SEJAK pukul 09.00 pada Senin 12 September 2022 hari ini, Pemilihan Anggota Senat Wakil Dosen Fakultas Pertanian (Faperta) Universitas Tanjungpura (Untan) Pontianak berlangsung tertib dan lancar.

Dosen-dosen Faperta Untan Pontianak dating silih berganti menggunakan hak pilihnya dalam Pemilihan Anggota Senat Wakil Dosen Faperta Untan Pontianak Pierode 2022-2026.

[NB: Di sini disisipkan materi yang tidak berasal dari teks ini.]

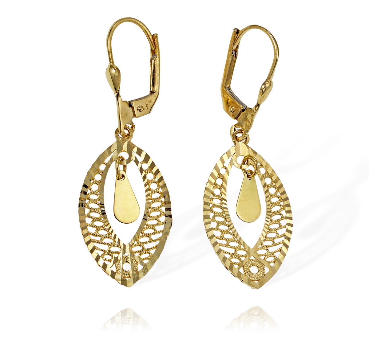 Złote Diamentowane Ażurowe Kolczyki - próba 585

Dekan Faperta Untan Pontianak, Prof Dr Ir Denah Suswanti MP mengungkapkan, kandidat Bakal Calon (Balon) dalam Pemilihan Anggota Senat ini 10 orang.

“Nanti 4 orang yang mewakili Faperta menjadi Calon Senat Untan Pontianak yang nantinya akan di-SK-kan oleh Rektor,” kata Prof Dr Ir Denah Suswanti MP, Dekan Faperta Untan Pontianak, ditemui di sela Pemilihan Anggota Senat, Senin 12 September 2022.

Namun, Denah Suswanti mengungkapkan, dosen yang mempunyai hak pilih hanya akan memilih di antara 9 nama. Lantaran salah seorang kandidat sudah dinyatakan lolos secara otomatis.

“Berdasarkan rapat kemarin, satu orang itu tidak dipilih,” kata Denah Suswanti.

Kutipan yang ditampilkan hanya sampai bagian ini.